DATA LISTING:
+---+
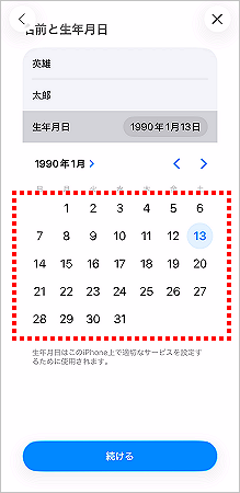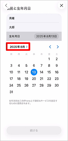 誕生月のカレンダー表示に切り替わるので、[誕生日]をタップします。
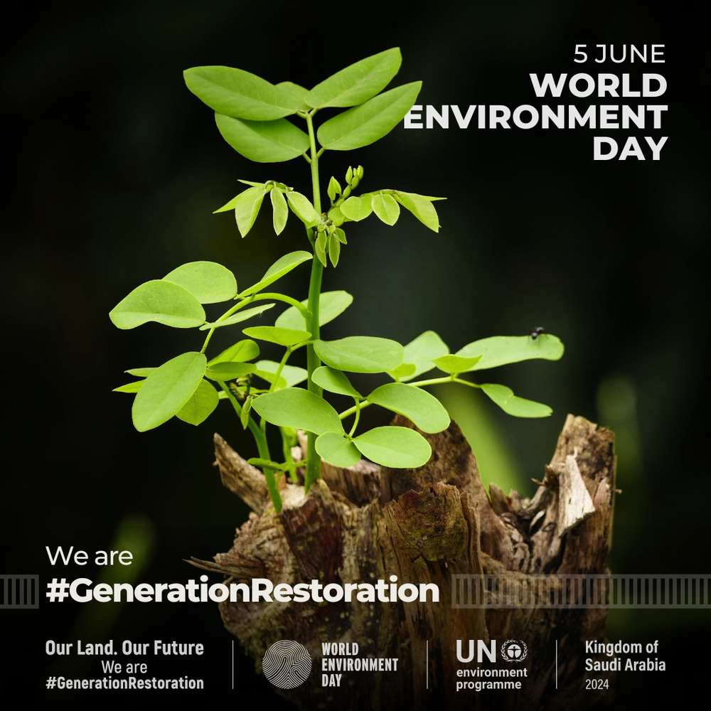 • Tema propusă de Programul Națiunilor Unite pentru Mediu (UNEP) pentru sărbătorirea Zilei Mondiale a Mediului în anul 2024 este: #GenerațiaRestaurării” („#GenerationRestauration”), cu sloganul “Pământul nostru. Viitorul nostru. Noi suntem #GenerațiaRestaurării”. Campania din acest an se concentrează pe adoparea de politici/strategii și inițierea de activități care să pună accentul pe restaurarea/regenerarea terenurilor degradate, pe deșertificare și pe rezistența la secetă.
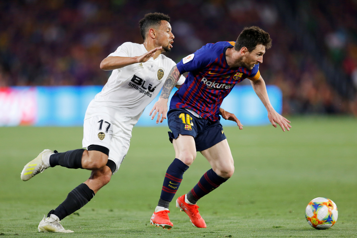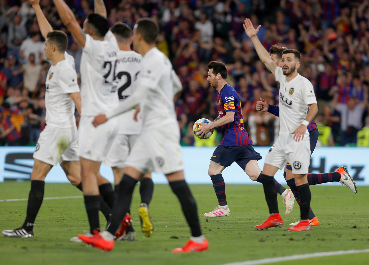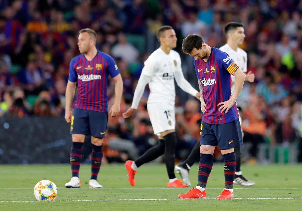 Barcelona were bidding to lift themselves from their humiliation on Merseyside by securing the ninth domestic double in their history, but despite Messi's efforts they were over-run by a determined and well-drilled Valencia side.
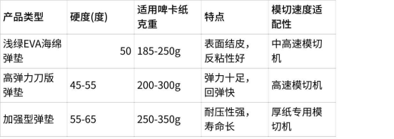 根据不同厚度和类型的啤卡纸,深华印材提供了多种规格的刀版弹垫:
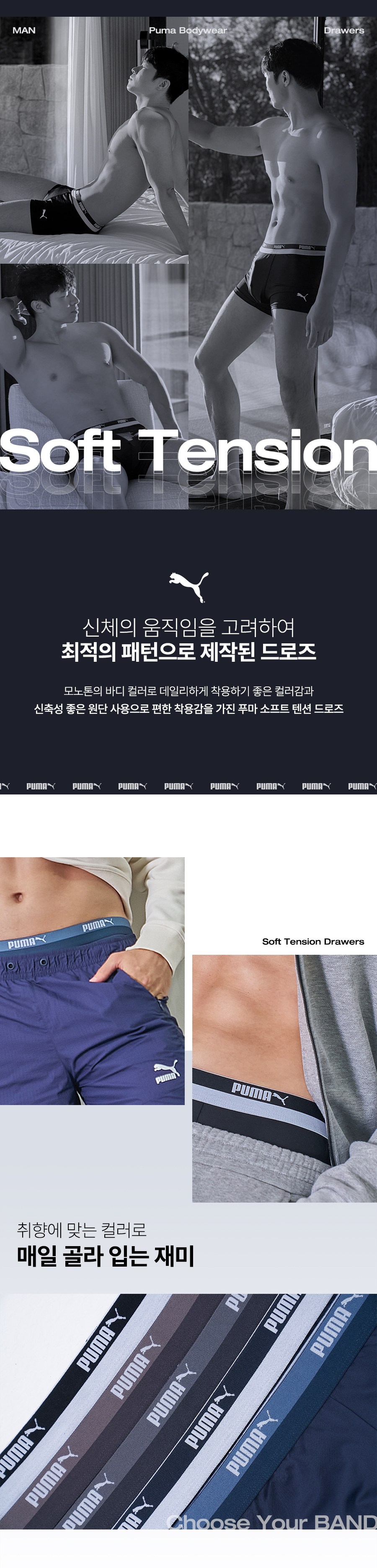 PUMA Soft Tension完美貼合四角褲,採用吸濕快乾的Dry-cell布料,讓您在運動或日常活動中保持乾爽舒適。前中心立體剪裁與後片一體式設計,提供極佳的貼合感,如同量身打造。布料不重疊的無縫平針縫製,減少異物感,提升穿著舒適度。適合對內衣縫線敏感、長時間久坐或容易流汗的男性。選擇PUMA Soft Tension,享受無拘束的舒適體驗。
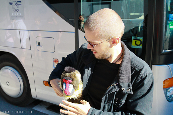 Die Südtiroler Knödel sind dem Ruperto wohl nicht genug. Wie nun erst bekannt wurde, ist der Mandrill in Prag gesichtet worden, wo er sich mit Landsfrauen aber auch mit fernöstlichen Mädchen vergnügt hat. Wie er ins Ausland gelangte ist bislang nicht bekannt. Gewiss ist nur, dass er auf dem gesamten Königsweg auf sich aufmerksam machte und große Mengen an Bier vertilgte (wenn das Clemens wüsste…). Angeblich hat er erst ganz schön tief ins Glas und später auf der Karlsbrücke tief ins Wasser geschaut.
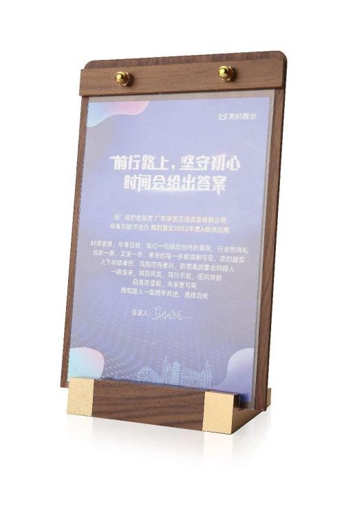 致力“成为植根中国的全球卫浴品牌”,我们不忘初心,坚守品质和勇于创新。华艺卫浴坚守环保、低碳等发展使命;为世界构建可持续发展贡献中国力量。华艺卫浴凭借着强大的供应链体系及优质服务能力,荣登“2022年度 A级供应商(集团集采类)”榜单之上,华艺代表上台,现场接受表彰。
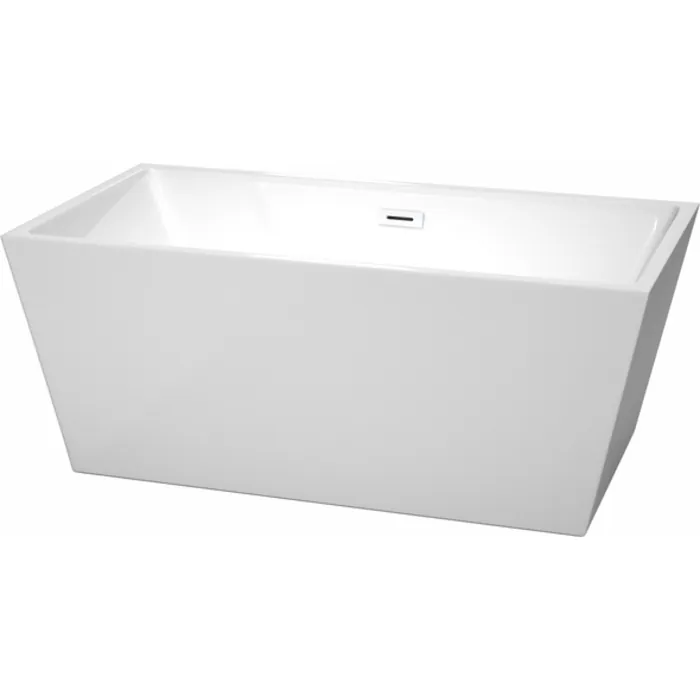 Sara 59 Inch Freestanding Bathtub in White with Shiny White Drain and Overflow Trim
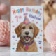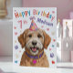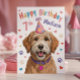 Cette jolie carte d'anniversaire de chien de 7e anniversaire comprend un chien Goldendoodle mignon dans un graphique casquette d'anniversaire. Sur le devant, vous pouvez personnaliser en ajoutant le nom de la personne qui reçoit cette carte d'anniversaire. Vous pouvez changer l'année si vous le souhaitez (par exemple, au lieu de "3ème" anniversaire, il peut dire "2ème" anniversaire). Le message amusant mais mignon à l'intérieur de cette carte dit "Espoir que votre anniversaire soit vraiment extraordinaire !". Profitez de cette carte d'anniversaire de chiot Goldendoodle rose et violet!
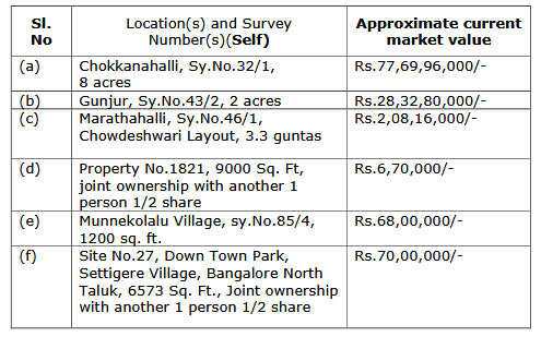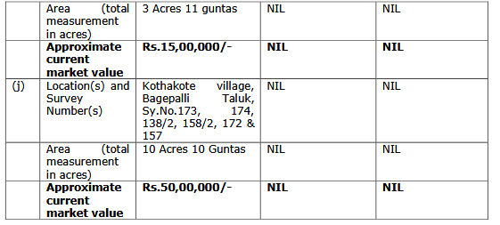3.11 Adverting to allegation with respect to land bearing Sy.No.9/1 measuring 1 acre 37 guntas situated at Chinnakayalapalli Village, Bagepalli Taluk, Chikkaballapur District, it is contended that said Srinivas Reddy is the brother of Respondent No.1, as there are certain inter se disputes between Respondent No.1 and his brother with regard to sharing of the properties, the same is shown in the affidavit as the property of Respondent No.1.
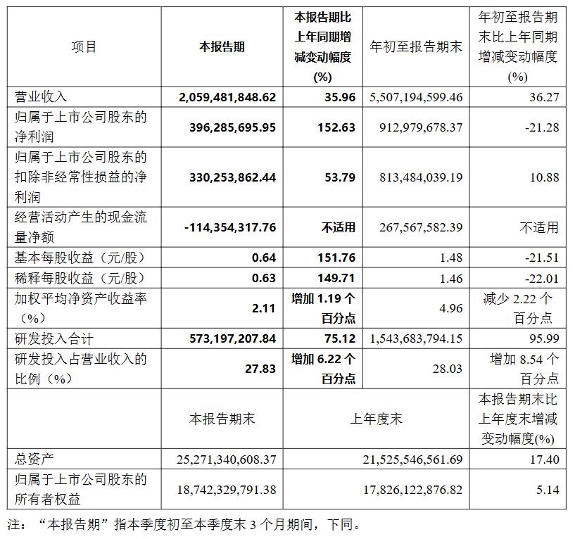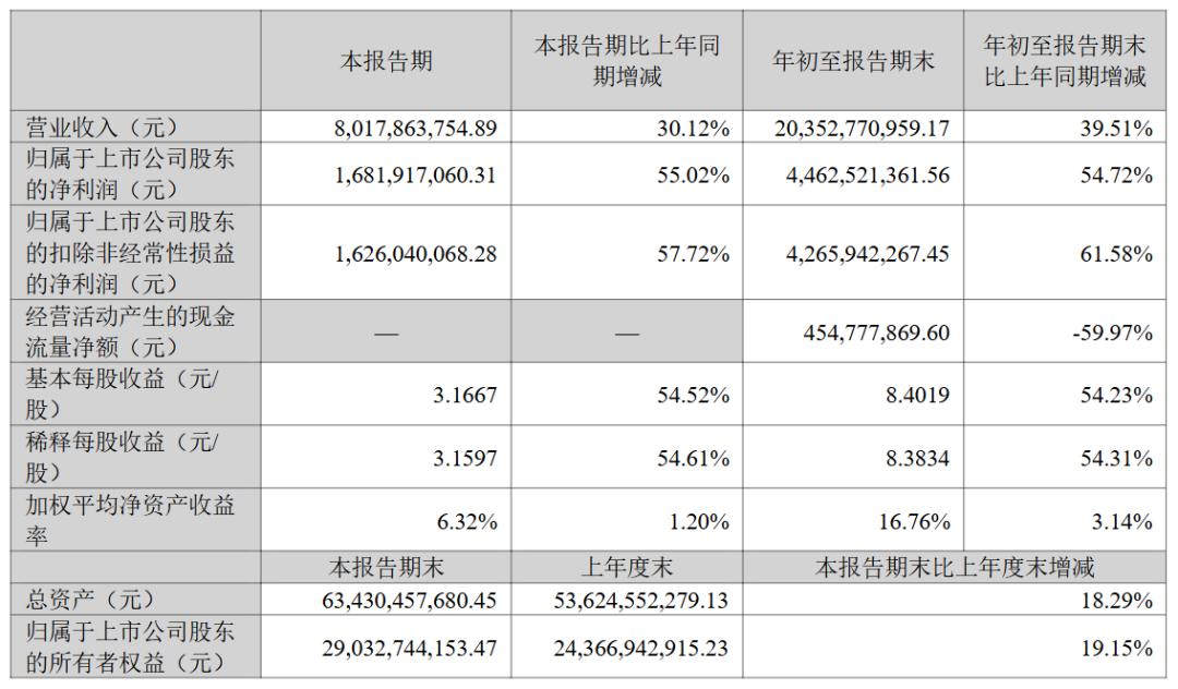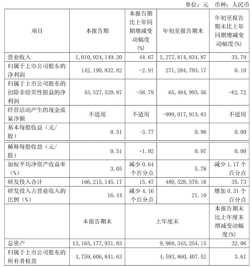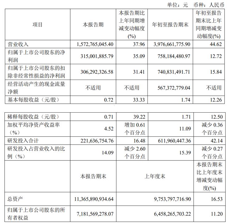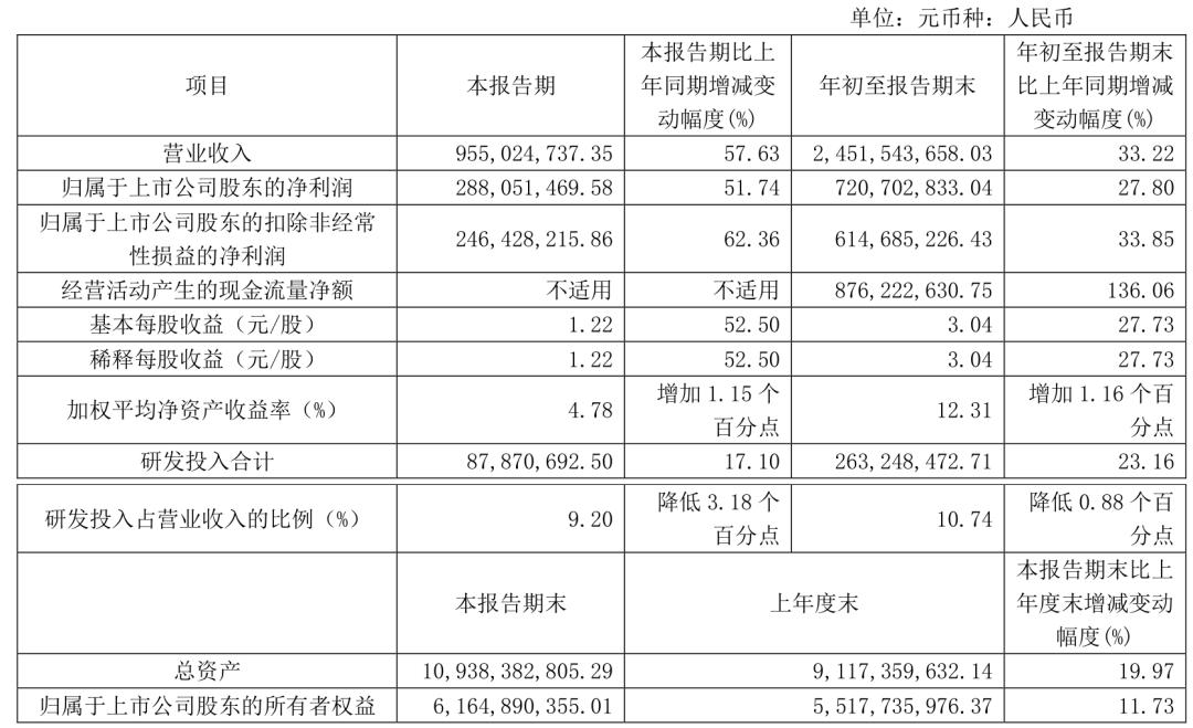 第三季度,该公司实现营收为9.55亿元,同比增长57.6%;归母净利润2.88亿元,同比增长51.7%;扣非归母净利润2.46亿元,同比增长62.4%。截至三季度末,该公司总资产109.38亿元,较上年度末增长20.0%;归母净资产为61.65亿元,较上年度末增长11.7%。
+---+
EXERCISE DETAILS: With the pictures left out, transcribe the material exactly.

ANSWER TO THIS EXERCISE:
 誕生月のカレンダー表示に切り替わるので、[誕生日]をタップします。
 • Tema propusă de Programul Națiunilor Unite pentru Mediu (UNEP) pentru sărbătorirea Zilei Mondiale a Mediului în anul 2024 este: #GenerațiaRestaurării” („#GenerationRestauration”), cu sloganul “Pământul nostru. Viitorul nostru. Noi suntem #GenerațiaRestaurării”. Campania din acest an se concentrează pe adoparea de politici/strategii și inițierea de activități care să pună accentul pe restaurarea/regenerarea terenurilor degradate, pe deșertificare și pe rezistența la secetă.
 Barcelona were bidding to lift themselves from their humiliation on Merseyside by securing the ninth domestic double in their history, but despite Messi's efforts they were over-run by a determined and well-drilled Valencia side.
 根据不同厚度和类型的啤卡纸,深华印材提供了多种规格的刀版弹垫:
 PUMA Soft Tension完美貼合四角褲,採用吸濕快乾的Dry-cell布料,讓您在運動或日常活動中保持乾爽舒適。前中心立體剪裁與後片一體式設計,提供極佳的貼合感,如同量身打造。布料不重疊的無縫平針縫製,減少異物感,提升穿著舒適度。適合對內衣縫線敏感、長時間久坐或容易流汗的男性。選擇PUMA Soft Tension,享受無拘束的舒適體驗。
 Die Südtiroler Knödel sind dem Ruperto wohl nicht genug. Wie nun erst bekannt wurde, ist der Mandrill in Prag gesichtet worden, wo er sich mit Landsfrauen aber auch mit fernöstlichen Mädchen vergnügt hat. Wie er ins Ausland gelangte ist bislang nicht bekannt. Gewiss ist nur, dass er auf dem gesamten Königsweg auf sich aufmerksam machte und große Mengen an Bier vertilgte (wenn das Clemens wüsste…). Angeblich hat er erst ganz schön tief ins Glas und später auf der Karlsbrücke tief ins Wasser geschaut.
 致力“成为植根中国的全球卫浴品牌”,我们不忘初心,坚守品质和勇于创新。华艺卫浴坚守环保、低碳等发展使命;为世界构建可持续发展贡献中国力量。华艺卫浴凭借着强大的供应链体系及优质服务能力,荣登“2022年度 A级供应商(集团集采类)”榜单之上,华艺代表上台,现场接受表彰。
 Sara 59 Inch Freestanding Bathtub in White with Shiny White Drain and Overflow Trim
 Cette jolie carte d'anniversaire de chien de 7e anniversaire comprend un chien Goldendoodle mignon dans un graphique casquette d'anniversaire. Sur le devant, vous pouvez personnaliser en ajoutant le nom de la personne qui reçoit cette carte d'anniversaire. Vous pouvez changer l'année si vous le souhaitez (par exemple, au lieu de "3ème" anniversaire, il peut dire "2ème" anniversaire). Le message amusant mais mignon à l'intérieur de cette carte dit "Espoir que votre anniversaire soit vraiment extraordinaire !". Profitez de cette carte d'anniversaire de chiot Goldendoodle rose et violet!
3.11 Adverting to allegation with respect to land bearing Sy.No.9/1 measuring 1 acre 37 guntas situated at Chinnakayalapalli Village, Bagepalli Taluk, Chikkaballapur District, it is contended that said Srinivas Reddy is the brother of Respondent No.1, as there are certain inter se disputes between Respondent No.1 and his brother with regard to sharing of the properties, the same is shown in the affidavit as the property of Respondent No.1.
 第三季度,该公司实现营收为9.55亿元,同比增长57.6%;归母净利润2.88亿元,同比增长51.7%;扣非归母净利润2.46亿元,同比增长62.4%。截至三季度末,该公司总资产109.38亿元,较上年度末增长20.0%;归母净资产为61.65亿元,较上年度末增长11.7%。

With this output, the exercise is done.